Index funds have been one of Wall Street’s more ingenious innovations. They are transparent, cheap to buy and own, and provide solid relative performance.

Proponents such as John Bogle of Vanguard and Princeton economics professor Burton Malkiel boast that the low-cost pure market exposure that indices offer is hard to beat. Studies of active fund performance bear this out.

Management firms have been tweaking indices to boost performance further. Enhanced indexing starts with a brand name index, such as the S&P 500, and then, for example, adjusts the constituent weighting from market cap to equal weighting.

Some strategies leverage exposure by buying index futures then investing the bulk of assets into bonds whose returns could provide a net edge over the market. Other products short the index to profit from a broad market decline.

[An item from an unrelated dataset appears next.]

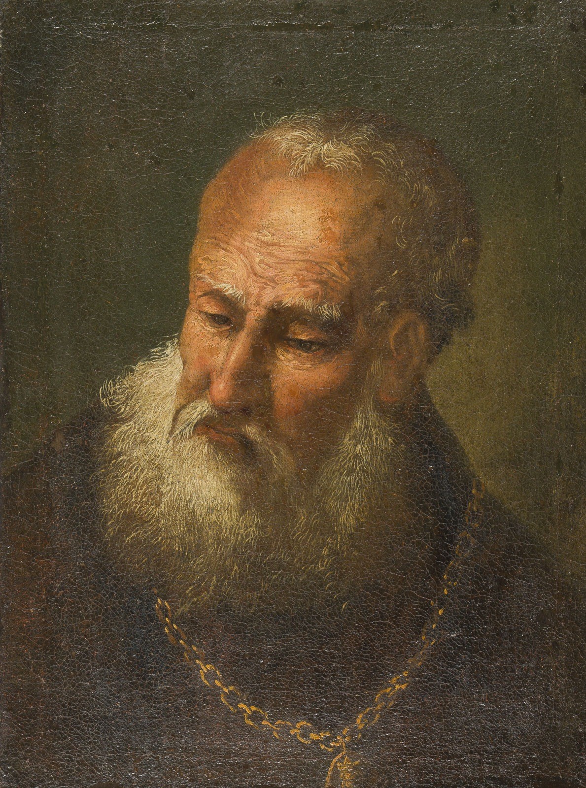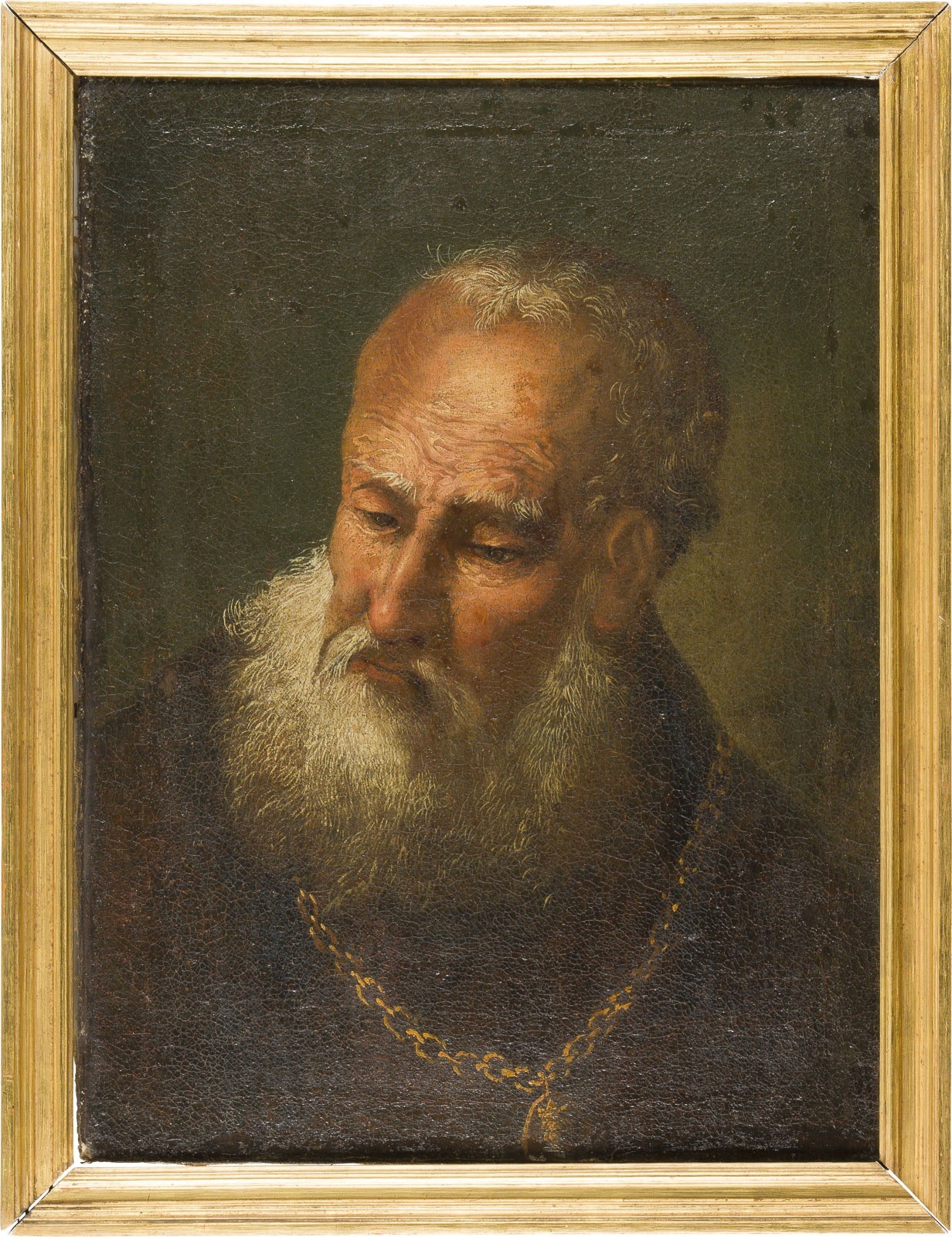 ITALIAN SCHOOL, AROUND 1700 PORTRAIT OF A GENTLEMAN WITH NECKLACE AND AMULET Oil on canvas (relined). 58 x 43 cm (F. 66 x 50 cm). Part. old rest., min. old retouching, extensive old craquelure. Frame. Provenance: South German private collection.
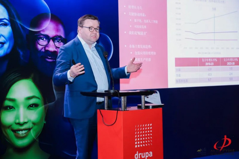 德國(guó)機(jī)械設(shè)備制造業(yè)聯(lián)合會(huì)總經(jīng)理 Thomas Schiemann先生為大家分析全球及歐洲印刷行業(yè)現(xiàn)狀及未來趨勢(shì),發(fā)人深省,引得現(xiàn)場(chǎng)聽會(huì)嘉賓踴躍提問互動(dòng)。令人期待的是,這些相關(guān)話題及解決方案也將在drupa 2024展會(huì)的同期活動(dòng)中體現(xiàn)。

Then there are active strategies that increase exposure to stocks that are likely to rise and reduce exposure to those that may underperform.

According to Reuters, 38 “enhanced” equity index mutual funds were trading in the US before 2000. That jumped to 78 by the end of 2000 with a total asset value of $5.89bn. By the end of 2006 the number more than doubled to 196, worth $10.2bn. And in the first four months of 2007, 19 newcomers helped boost the net value of enhanced funds to $11.3bn.

This figure is tiny compared with the straight index mutual fund world. As of the end of April, assets in 1,220 public index funds totalled $1,250bn. This gap may explain why index enhancers think they can tweak out superior gains.

But according to Peter Jankovskis, chief investment officer of Oakbrook Investments, the lion’s share of enhanced indexing money is in proprietary accounts. His firm, based in suburban Chicago, has more than 70 per cent of its $1.4bn in assets under management in such accounts.

Jankovskis’ strategy is based on a quantitative model that focuses on behavioural factors such as near-term short-selling, price volatility and trading volumes. He compares indices’ constituents to create a uniquely weighted portfolio. If his metrics generate a particularly negative read on a security, he deletes it.

Up to the end of March, Oakbrook’s S&P 500-related product has topped the index by about 1 percentage point over the past year and by an average 75 basis points over the past five years, net of expenses.

But enhanced indexing is not automatically a better way to invest. Making portfolio adjustments pushes up fund expenses by as much as seven times the cheapest index funds. So these strategies must generate alpha that more than covers this additional cost.

Morningstar, the Chicago-based mutual fund tracking group, ran a comparative analysis of all enhanced funds. Of the 58 benchmarked to the S&P 500, the average return across various time periods underperformed the S&P 500. Up to the end of May, one-year average returns trailed the index by 314bps. The gap diminished over time to 56bps for the past 10-year period, which captured a significantly smaller universe of enhanced funds.

Morningstar found comparable results for funds geared to the Russell 1000 (large cap) Index and the S&P Small-Cap 600. Enhanced mid-cap focused index funds outperformed their benchmarks over the past year but trailed over three and five years.

Oakbrook’s study of enhanced index performance of institutional managed accounts contrasts with this. Between 2001 and 2006, it found, 88.9 per cent of enhanced large-cap index programmes topped the S&P 500. Over the past 10 years, the proportion slipped only slightly to 87.5 per cent. In both periods enhancement substantially outperformed active management, especially when the strategies tracked the index closely.

Enhancement raises a further issue: at what point does altering an index constitute active management? Actively managed funds that traditionally perform close to their benchmarks are often accused of being expensive closet index funds. It is possible that enhanced funds that substantially alter the composition of an index should be considered actively managed.

Russell Kamp, chief executive of Invesco Structured Products Group, believes that by choosing an enhanced strategy over a traditional one for large-cap domestic equity allocation, “greater certainty of performance relative to the benchmark may be achieved while lowering the overall risk exposure”. Kamp oversees $5.7bn in 10 enhanced equity fund assets.

Given the relatively small proportion of assets in enhanced versus traditional indexed funds, Kamp thinks there remains sufficient capacity in the domestic large-cap segment to accommodate significant growth.

But Kunal Kapoor, Morningstar’s director of fund analysis, cautions investors. “You can be as enhanced as you want to be,” he says, “but if you have a truckload of expenses, the enhancement isn’t going to amount to much.”

With a the number of enhanced choices growing, investors should find affordable options.